Surely there is a micro out there somewhere with some small fermenters in the back gathering dust?


----------



## alowen474

You can get stainless wine fermenters for under a grand with the pump up sealed lids etc.
If you're not caught up on conicals these can be an option.


----------



## Supra-Jim

Hi Jonothan,

The rig is looking great.

Check this link it's a bit bigger than what your looking for, but worth thinking about non the less.

(also there is a smaller looking tank just beside it, half in the photo).

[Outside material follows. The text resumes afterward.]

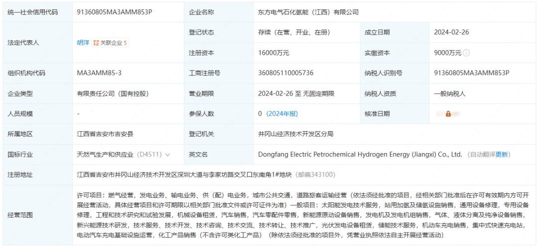 2024年2月26日,合资成立东方电气石化氢能(江西)有限公司,注册资本为16000万元,经营范围包含:太阳能发电技术服务,站用加氢及储氢设施销售,新能源原动设备销售,光伏发电设备租赁,储能技术服务,机动车充电销售,集中式快速充电站,电动汽车充电基础设施运营等。

Otherwise I remember from a while back, Cellar Plus have some stainless fermenters (i think they were for wine) in the volumes you are looking for.

Cheers SJ


----------



## roller997

Jonathon said:


> I have looked at making my own and other than the conicals have everything I need. The bit that puts me off is as you mention the food grade welds and also being a pressure vessel they need to be tested and all sorts of red tape. The goal is to go commercial and the fermenters from what I have read need to be calibrated and certified pressure vessels.



Jonathon,
With the fermenters, are you sure they need to be pressure vessels? White Rabbit and I am sure others in Australia use open fermenters so I would be surprised if that is a requirement for going commercial. It does help with the carbonation process and gives you great control without artificially carbonating the beer but it might not be a necessity.
What has to be done from a calibration perspective? Sizing the unit so the Excise tax can be correctly calculated?

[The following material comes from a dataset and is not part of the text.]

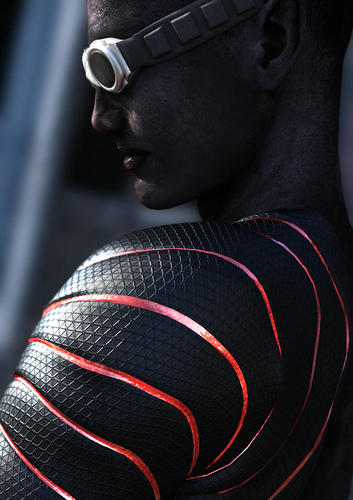 Here is a little test. I am rather satisfied with the outcome, and yeah, I know, very grainy still but as I said, this is a test with rather low settings. The skin looks promising, especially since dark grey skin is quite something, also for 3Delight. For his arm I went for a matte surface and I like how it reacts to the sun light. His glasses / the lenses were set to glass, no idea why they look so dull here, maybe it is the angle. :-)

If I was looking at moving into a commercial setup, the fermenters is where I would make sure to get properly designed ones, ideally with glycol cooling capability so I could do both lagers and ales at the same time. 
I would suggest that a properly designed beer fermenter is likely to be sanitized easier than milk or wine equipment, which should reduce the chances of making beers with undesireable flavours.

I hope you find a purpose built fermenter for a good price. If they have more than you need, I am sure there are a few folks around here (including myself) who would be keen on conicals around that size.

On that note, does anyone know what happens when a brewery produces an off beer (perhaps with a sour note)? I would assume that ATO is very interested in collecting the tax so that would make it costly if you can't write it off, while on the other hand the health authorities would be interested why / how the infection took place so when you write off a beer that is infected do they become involved?


Cheers

Roller


----------



## BEC26

Joanthon

Great looking setup!!!

But, a word of warning . . . . . 

the timeline is beginning to approach Franko's Red Rocket!!!!

Cheers
Bruce


----------



## Bandito

Hey Jonathon,
I plan on getting my conical fabricated by beerbelly. I will be modeling it up in solidworks most likely, and sending it off to some mates at an engineering company I used to work for to mesh in strand (its basically where they tell the program what pressure is inside the vessle, and adjust the wall thinkness and number of stiffener plates to compensate. - I could model up a design to your specs also and send it at the same time if you like. I have modeled quite a few coal bins, and although they are usually about 400 tonnes, the principle is the same. They usually require lots of stiffeners at welded joins. I'll pm you when I'm doing mine. I suspect the cost for yours might be about 4 slabs of great beer - these guys are not cheap and love their beer! My time will be free of course.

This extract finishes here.